Function that collect samples of labelled bboxes and adds padding with pad_idx.

BBoxBlock.dls_kwargs = {'before_batch': partial(bb_pad, pad_idx=len(vocab)-1)}

We create a ParentSplitter which can split files into validation and training set based on the parent folder. This is how the coco dataset is structured.

ParentSplitter[source]

ParentSplitter(train_name='train', valid_name='valid')

Split items from the grand parent folder names (train_name and valid_name).

coco = DataBlock(blocks=(ImageBlock, BBoxBlock, BBoxLblBlock(vocab=list(vocab), add_na=False)), 
                 get_items=compose(get_image_files, partial(filter, lambda x:x.name in img2bbox), L),
                 splitter=ParentSplitter(train_name='train2017', valid_name='val2017'),
                 get_y=[lambda o: img2bbox[o.name][0], lambda o: img2bbox[o.name][1]], 
                 item_tfms=Resize(800),
                 batch_tfms=None,
                 n_inp=1)
dls = coco.dataloaders(coco_source['base'], bs=16, num_workers=0)#
b = dls.one_batch()
dls.show_batch(b, figsize=(10, 10))

Box utils

Bounding boxes come in two flavors:

  • xyxy where the four cordinates are the top left corner and the bottom right corner [left, top, bottom, right]
  • cxcxxy where the first two elements are the xy coordinates of the center and third and four elements are the width and hight of the box.
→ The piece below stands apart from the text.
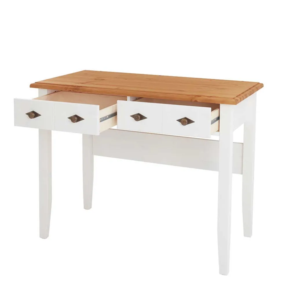 Der Frisiertisch zeichnet sich durch eine massive Tischplatte mit einer Stärke von ca. 2,5 cm aus. Zwei Schubladen mit Metallauszug bieten praktischen Stauraum und sind mit charmanten Metall Knopfgriffen in Altmessingfarben verziert. Die Front ist in einer ansprechenden vier Schubladen Optik gestaltet. Die Schubkästen und Möbelrückwand bestehen aus hochwertigem Sperrholz. Eine Knieraumblende sowie leicht angeschrägte Vierfußgestelle unterstreichen die funktionale Raffinesse des Möbelstücks.

box_cxcywh_to_xyxy and box_xyxy_to_cxcywh allow you to convert from one format to the other.

box_cxcywh_to_xyxy[source]

box_cxcywh_to_xyxy(x)

x = torch.rand(4, 7, 4)
y = box_cxcywh_to_xyxy(x)
test_eq(y.shape, x.shape)

box_xyxy_to_cxcywh[source]

box_xyxy_to_cxcywh(x)

Also, FastAI uses normalized coordinates from -1 to 1 (with its origin at the center of the image), but the DETR model output uses coordinates normalized from 0 to 1, with origin at the top left corner.

To handle all this option we use three classes (I did not need the four category):

  • TensorBBox: for xyxy bbox centered and from -1 to 1
  • TensorBBoxWH for cxxy xy bbox with origin in the top left corner and scale form 0 to 1
  • TensorBBoxTL for xyxy bbox with origin inthe top left corner and scale from 0 to 1
#     "Basic type for a tensor of bounding boxes in an image"
#     @classmethod
#     def create(cls, x, img_size=None)->None: return cls(tensor(x).view(-1, 4).float(), img_size=img_size)

class TensorBBoxWH[source]

TensorBBoxWH(x, **kwargs) :: TensorPoint

Basic type for points in an image

class TensorBBoxTL[source]

TensorBBoxTL(x, **kwargs) :: TensorPoint

Basic type for points in an image

ToWH[source]

ToWH(enc=None, dec=None, split_idx=None, order=None)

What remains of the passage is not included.